Exact copies of all entries are needed. Pictures are to be left out.

=== Extracted information ===

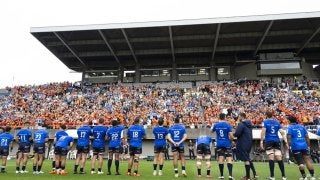 試合後、メインスタンドの観客に挨拶する埼玉パナソニックワイルドナイツの選手たち
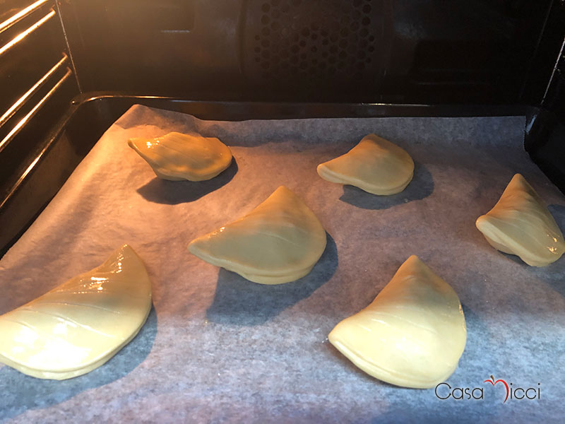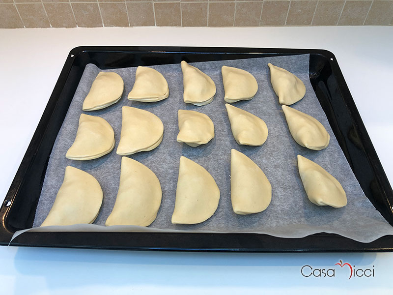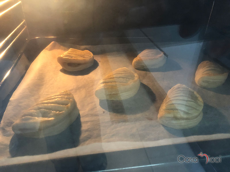 Disponi le sfogliatelle su una placca da forno capovolte.
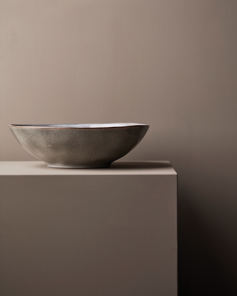 Härlig serveringsskål i stengods med en högre, handgjord, kant som därför blir elegant ojämn. Perfekt till en underbar nudelsallad eller som varför inte servera en pastarätt. Japanskt möter skandinaviskt, rustikt möter modernt. Nomimono har sin källa i naturen och jorden runt om oss, vilket gett inspiration till denna rustika serie i naturnära, jordiga toner där inget objekt är det andra likt. Varje produkt är skapat i handgjort stengods som glaserats tre gånger för rätt finish. Det gör varje produkt unik, vilket också är en stor del av Nomimonos charm. Samlarobjekt för en jordnära och inspirerande servering. Diskmaskin-och mikrovågsugn säkra.
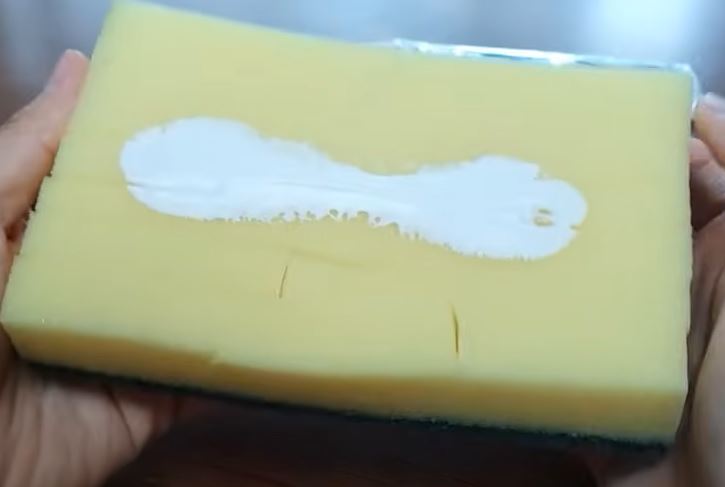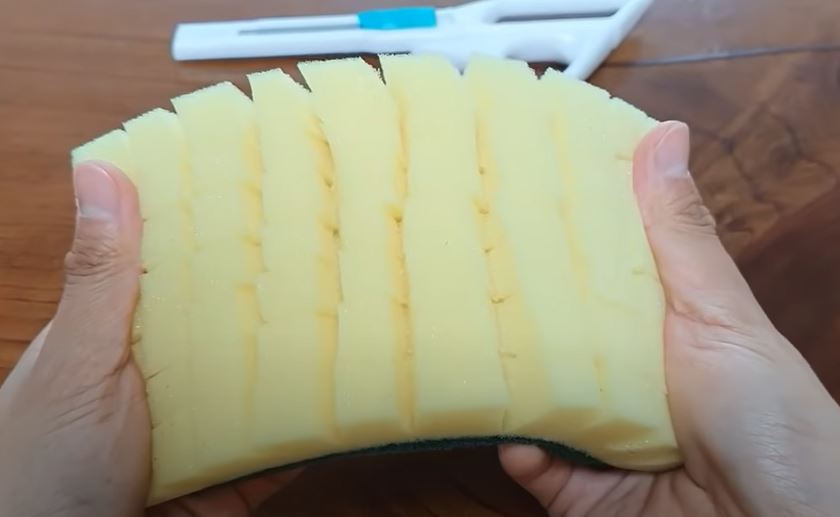 ✔아래와 같이 생긴 스펀지를 준비해 줍니다. 이때 스펀지 수세미의 거친 부분이 잘리지 않도록 주의하면서 스펀지를 가로, 세로 모양이 나도록 벌집 모양으로 잘라줍니다.
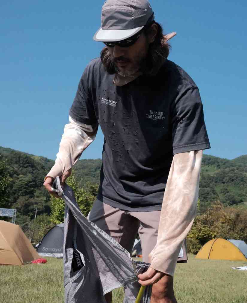 聚焦于产品上也同样如此。目前品牌对于跑步装备的分类主要分为越野跑、路跑和攀岩三大品类。而除了最常见的速干运动服外,你能看到更多具有户外功能属性款式的占比,其中 Justice™ Cordura®水袋马甲和 AuraLite™ 长袖 T 恤算是比较招牌的产品,还是不错的 Gorpcore 造型利器。
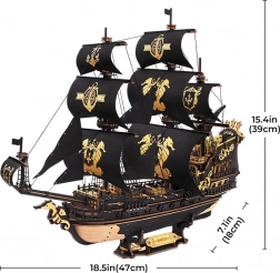 Pusťte se do skládání tohoto precizního modelu válečné lodi, který nabízí více než jen estetickou krásu. Je vybaven funkčním kormidlem a 13 plachtami, které můžete různě upravit. Nechybí ani lesklá děla a detailně vyřezávané ornamenty na palubě.

===

● **Task result**:
 試合後、メインスタンドの観客に挨拶する埼玉パナソニックワイルドナイツの選手たち
 Disponi le sfogliatelle su una placca da forno capovolte.
 Härlig serveringsskål i stengods med en högre, handgjord, kant som därför blir elegant ojämn. Perfekt till en underbar nudelsallad eller som varför inte servera en pastarätt. Japanskt möter skandinaviskt, rustikt möter modernt. Nomimono har sin källa i naturen och jorden runt om oss, vilket gett inspiration till denna rustika serie i naturnära, jordiga toner där inget objekt är det andra likt. Varje produkt är skapat i handgjort stengods som glaserats tre gånger för rätt finish. Det gör varje produkt unik, vilket också är en stor del av Nomimonos charm. Samlarobjekt för en jordnära och inspirerande servering. Diskmaskin-och mikrovågsugn säkra.
 ✔아래와 같이 생긴 스펀지를 준비해 줍니다. 이때 스펀지 수세미의 거친 부분이 잘리지 않도록 주의하면서 스펀지를 가로, 세로 모양이 나도록 벌집 모양으로 잘라줍니다.
 聚焦于产品上也同样如此。目前品牌对于跑步装备的分类主要分为越野跑、路跑和攀岩三大品类。而除了最常见的速干运动服外,你能看到更多具有户外功能属性款式的占比,其中 Justice™ Cordura®水袋马甲和 AuraLite™ 长袖 T 恤算是比较招牌的产品,还是不错的 Gorpcore 造型利器。
 Pusťte se do skládání tohoto precizního modelu válečné lodi, který nabízí více než jen estetickou krásu. Je vybaven funkčním kormidlem a 13 plachtami, které můžete různě upravit. Nechybí ani lesklá děla a detailně vyřezávané ornamenty na palubě.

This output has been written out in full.